The Spectre of Anti-Asian Violence in the Monterey Park Shooting

Michael Luo / The New Yorker
The Spectre of Anti-Asian Violence in the Monterey Park Shooting Flowers at a memorial where community members gathered for a vigil honoring the victims of the Monterey Park mass shooting. (photo: Jason Armond/LA Times)

Waiting for details to emerge, there was the familiar apprehension and dread experienced by so many Asian Americans since attacks against them began to soar during the pandemic.

On Sunday morning, I was up early stealing some time before the rest of my family awoke, to work on a book I’m writing about Chinese immigration to America during the nineteenth century. For the weekend, my aim had been to finish a chapter about a harrowing episode, in February, 1885, when the white citizens of Eureka, California, rounded up more than three hundred Chinese residents in the town and surrounding region and herded them onto a pair of steamships bound for San Francisco. It was an opening act in a tragic saga in Asian American history known as the “driving out,” in which more than a hundred communities across the American West expelled the Chinese immigrants in their midst.

While brushing my teeth, I looked at my phone and saw a news alert about a mass shooting in Monterey Park, California, a suburb of Los Angeles. It felt like an electric circuit had snapped closed inside me, with its corresponding current of fear. Monterey Park’s population is heavily Asian––Taiwanese and Chinese, in particular. Saturday night had been the eve of the Lunar New Year. During the late nineties, when I was a young reporter at the Los Angeles Times, I’d regularly go to Monterey Park to shop at the Asian grocery stores. I opened the newspaper’s app and there it was. A gunman had killed nine people on Saturday night. (The death toll would soon be updated to ten.) The shooting had taken place in the vicinity of a local Lunar New Year festival that had ended earlier in the evening.

Soon after, I watched a news conference held in the predawn darkness of Monterey Park, with Captain Andrew Meyer, from the Los Angeles County Sheriff’s Department.
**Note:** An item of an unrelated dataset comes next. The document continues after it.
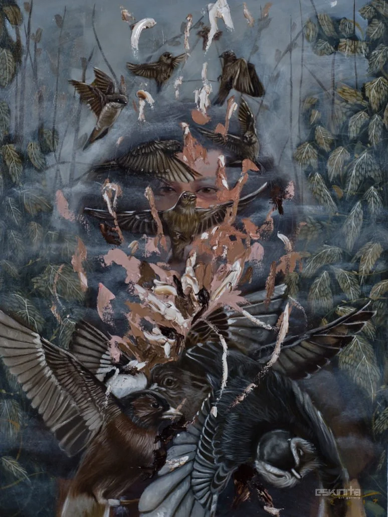 Finally, Denmark Dela Cruz and Lawrence Cervantes work in the vein of the surreal, with their works teeming with objects and beings from the natural world while attempting to capture imbalances and instabilities. Dela Cruz deals with social issues through visible dichotomies (the proletariat versus the oligarch) as well as his use of the crown, which symbolizes the deployment—and possibility—of power. Poetic and subtle, the works of Cervantes are a commentary on painting itself. He covers part of his subjects’ faces with a riot of birds and impasto applied with a palette knife in a radical act of defacement.

Meyer described, in the clipped cadence of law enforcement, the facts that were known. “When officers arrived on scene, they observed numerous individuals, patrons of the location, pouring out of the location, uh, screaming,” he said. “The officers made entry to the location and located additional victims. The Monterey Park Fire Department responded to the scene and treated the injured and pronounced ten of the victims deceased at the scene.” The suspect was still at large. When Meyer took questions, the first one was obvious. “As far as motive,” he said, “it’s too early in the investigation to know what the motive is.”
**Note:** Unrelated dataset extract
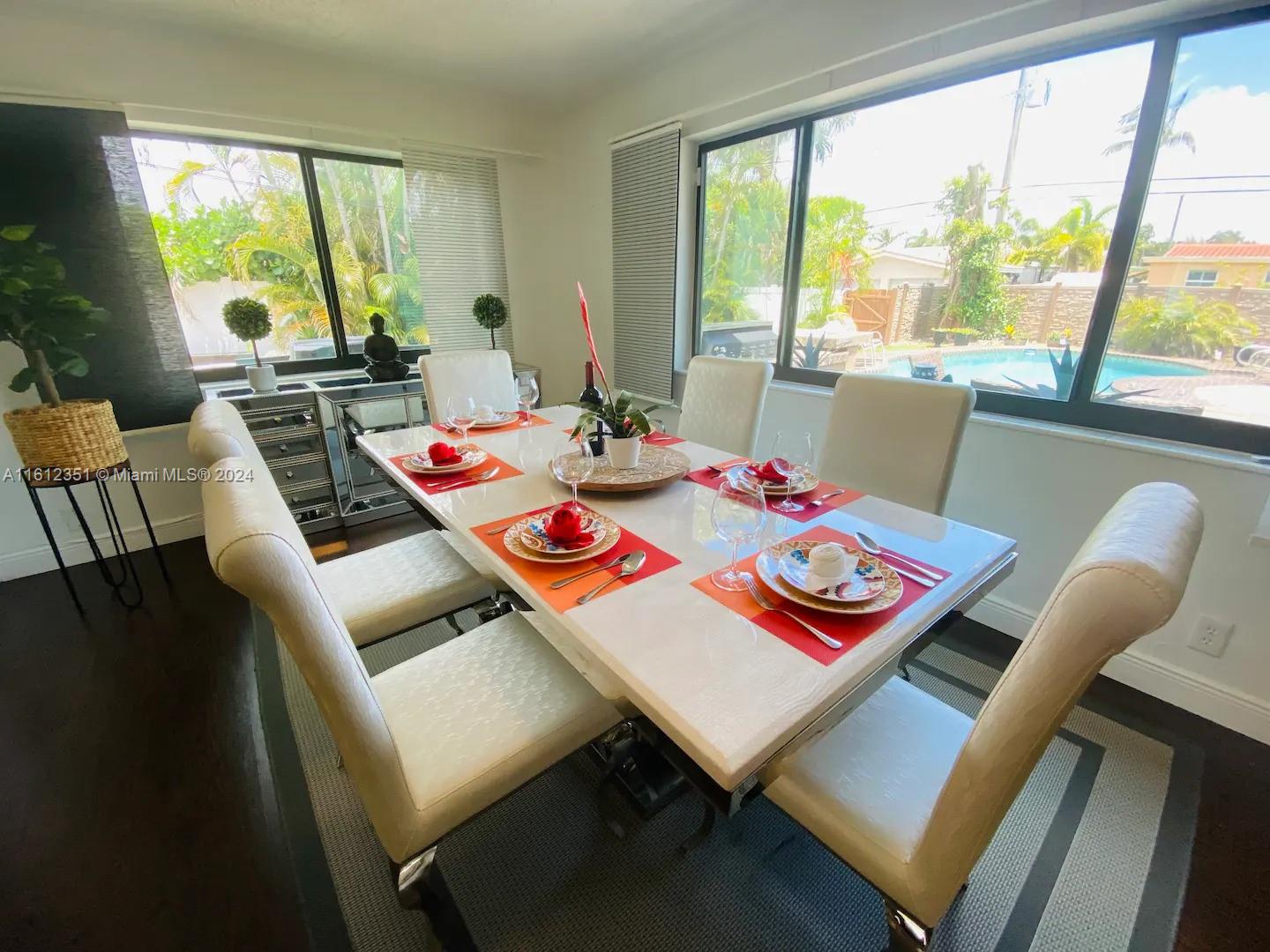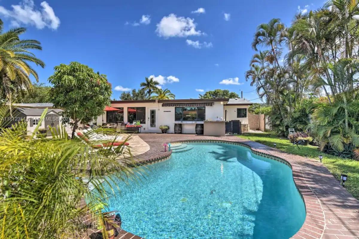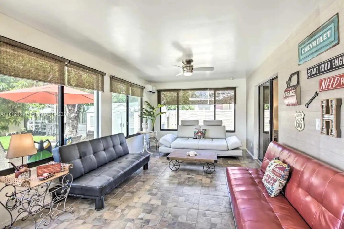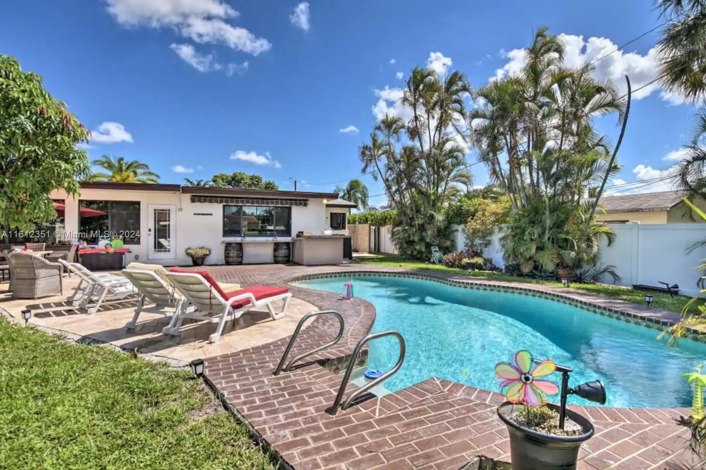 Welcome to a Hollywood retreat that seamlessly blends style and comfort. This updated 2/2 home plus a garage used as a 3rd bedroom is a gem, boasting features designed for both relaxation and entertainment. Step inside to discover a spacious, thoughtfully designed interior with impact windows throughout for security and energy efficiency. The heart of this residence is the gourmet kitchen, equipped with stainless steel appliances. The open layout flows into inviting living spaces, perfect for gatherings. The Florida Room, bathed in natural light. Escape to the backyard oasis, where a pristine heated pool is surrounded by a travertine patio. The large patio space is ideal for al fresco dining or entertaining. Convenience meets lifestyle

Yet it wasn’t too early for that familiar feeling of apprehension and dread, shared by so many Asian Americans, since anti-Asian hate crimes began spiking during the pandemic. Just last week, my family and I had been at the Barclays Center, in Brooklyn, for a middle-school basketball game, when the girls behind us began getting rowdy. They had just played against my older daughter’s team and gotten off the court. The boys were playing; the game was close. “If we lose, I’m going to smack one of those Chinese girls,” one of them burst out. I turned around to speak to her. She was a child, so I was restrained. This was a teachable moment, I hoped. Then the child’s mother came over. I told her what had happened. Her daughter loudly denied it. The parent sided with her child and began to raise her voice. My wife tugged at me to walk away. Afterward, we discussed what had occurred with another Asian family that had been seated nearby. We talked about the palpitating fear we had all felt.

On Sunday morning, as I waited for more details of the shooting to emerge, inevitably, strands of history began converging in my mind. I thought about a massacre that had taken place about a hundred and fifty years earlier in Los Angeles, just a few miles west of the site of the Monterey Park shooting. On the evening of October 24, 1871, an angry mob, bearing knives, pistols, and clubs, surrounded the city’s Chinese quarter and began dragging out terrified residents. By the end of the rampage, eighteen Chinese men had been killed, fifteen of them hanged, according to most accounts, in one of the worst mass lynchings in American history.

In Monterey Park, at about half past eight o’clock in the morning, the authorities held another news conference. They revealed that the suspect was an Asian male. So that, it seemed, was that. Apparently just another mass shooting in America, the latest evidence that the country is overrun by guns. I thought about the emotions that I’d just experienced. Had I been paranoid? Too quick to believe that a racial motivation might be the cause? I returned to the history in front of me.